Steve is worried that our jaunting “may crash splat into disagreeable data or into contrary opinions held with equal enthusiasm” and I appreciate his concern but I need to declare that I am a fierce supporter of T.S. Eliot’s licensing of such jaunting when he says that “About anyone so great as Shakespeare, it is probable that we can never be right; and if we can never be right, it is better that from time to time we should change our way of being wrong.”


Now there is a challenge for all of us.


Steve should also be assured that I do NOT wonder “if Shakespeare would actually write extended material that would have to be presented to intellectually incapable groundlings.”

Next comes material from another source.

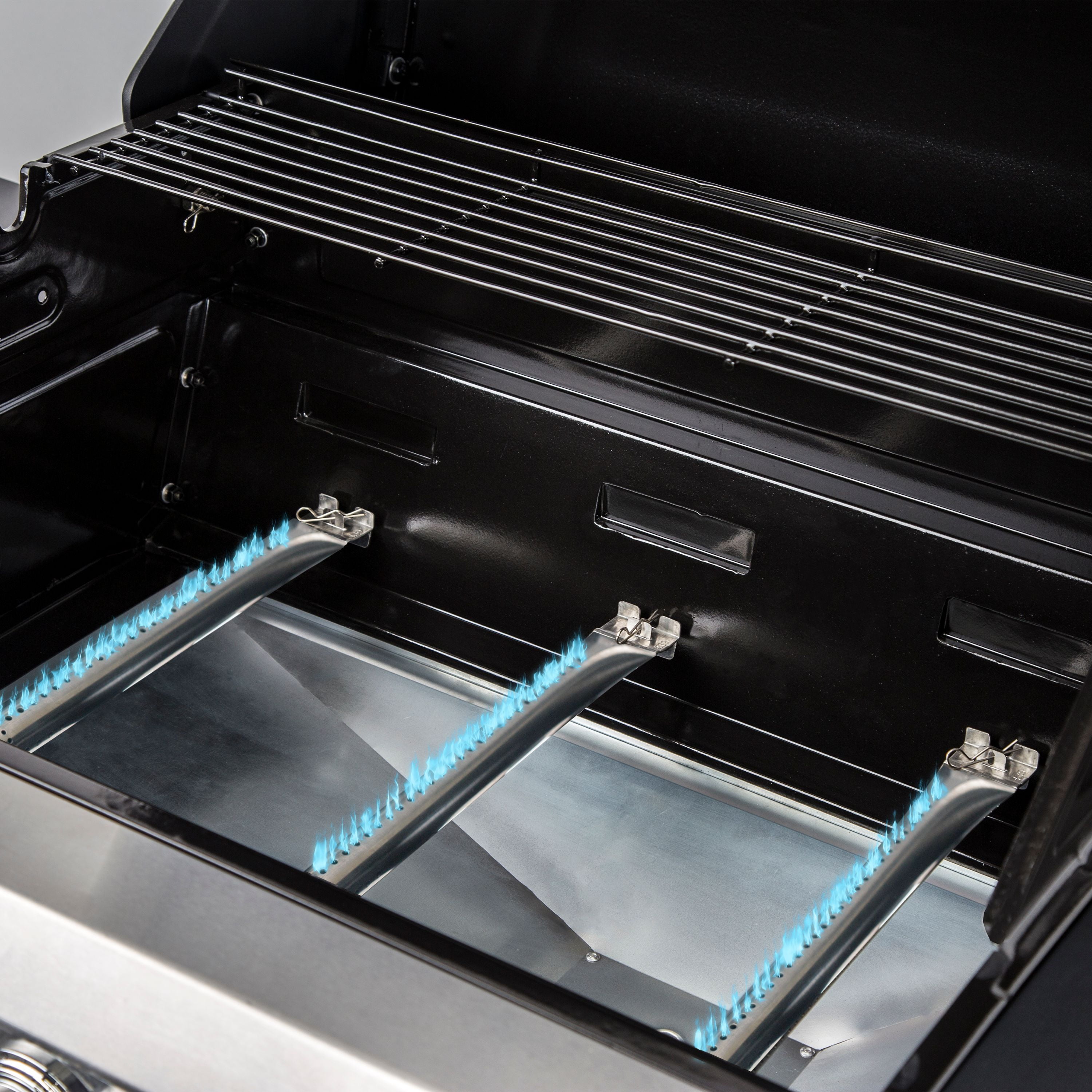 425 Primary square inches of cooking space accommodates up to 18 burgers Includes 542 total square inches of cooking space for cooking veggies Integrated warming rack let’s you keep the quicker cooking food the right temperature EquiHeat technology powers even heat distribution with three stainless steel tube burners, delivering 36,000 total BTUs Gloss porcelain-enameled wire cooking grates provide the ideal surface for retaining and transferring heat directly to food Caster Wheels allow this portable gas grill to be easily moved or stored away Power up the grill hassle-free with the integrated ignition system Uses a 20 lb. propane tank (not included) Protect your grill with a Dyna-Glo DG400C premium cover (sold separately) Red porcelain-coated steel lid with black end caps give this propane grill a sleek design For proper maintenance, regularly clean using only mild dish soap with hot water, nylon cleaning pad, and wire brush Shelves on either side making plating up a breeze

Of course he would – but his shadows (who were fearful of offending groundlings who were challenged by anything more than “dumb shows and noise”) would have presented on stage – as stated in so many prologues and on title pages – far less than what was printed – especially in the cases of Romeo and Hamlet.

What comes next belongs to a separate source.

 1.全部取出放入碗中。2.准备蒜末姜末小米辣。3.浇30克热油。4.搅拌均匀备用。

I applaud Steve for admiring the stamina and patience of Elizabethan audiences in the theatres and cathedrals and we are definitely in agreement that for audience members, a day at the theatre would have been four or so hours long. But this would have included pre- and post- entertainment (balladeers, jugglers, bergomask dancers, etc.) besides the featured drama. It does not boggle the imagination to accept that the pre- and post- diversions could take anywhere from a half hour to an hour and thus the feature play would, if my math is correct, be somewhere between two and three hours.


I enjoyed reading many of Steve’s comments but I did take exception when he claimed that “Dom Salieri talks about cutting plays to ‘an endurable length.’”

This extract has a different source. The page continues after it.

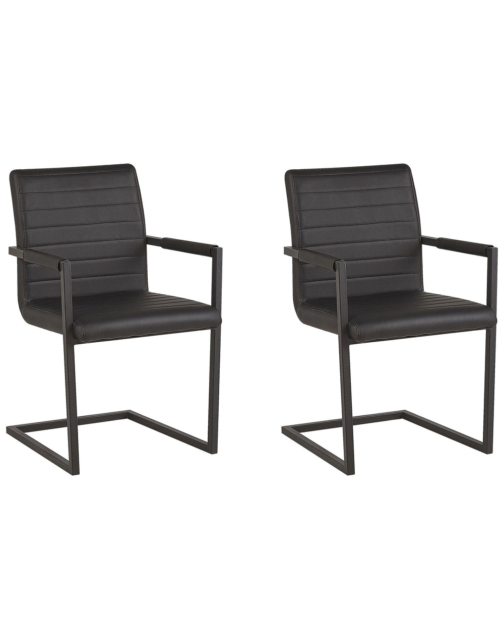 Set of 2 Cantilever Chairs Faux Leather Black Upholstered Chairs Modern Retro Dining Room Conference Room Beliani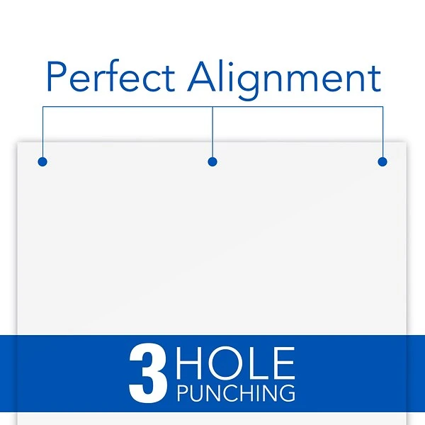 - Automatic jam reverse ensures trouble-free punching with fewer disruptions. Punches through as many as 28 sheets of paper, creating precise 9/32″ holes.

Be assured that neither I nor any of my ancestors had anything to do with the murder of Amadeus.


Meanwhile back at the Extrapolitzing Ranch, to me it seems rather obvious, self evident and redundantly intuitive that a four hour tryst with Romeo’s Juliet or a four to five hour all-talk (21 lines per minute) marathon with a melancholy Dane would not have been many people’s cup of tea. Did they sip tea in those days?


Steve dismisses Alfred Hart’s listing of a dozen mentions of “two hours” as “fictive apology” but I fear that such an opinion would have elicited the following from any self-respecting Amazon: 


But all the story . . . told over,

And all their minds transfigured so together,

More witnesseth than fancy’s images

And grows to something of great constancy;

But, howsoever, strange and admirable.


In Steve’s “land of Extrapolis,” I suspect that many of its citizens would agree that the numerous notices that printed plays had been augmented and contained more than was performed serves as clear evidence that the author was interested in sharing more than just a play script.


Who could argue with the sentiment that Hamlet “read by candle light, yields many good sentences”?


And this harkens me back to my original point. Shakespeare wanted his works to be read and not just seen.


His augmented and improved quartos and Folio versions read extremely well – obviously because great care was taken to include in them much more than was performed during the “two hours traffic” upon the stage.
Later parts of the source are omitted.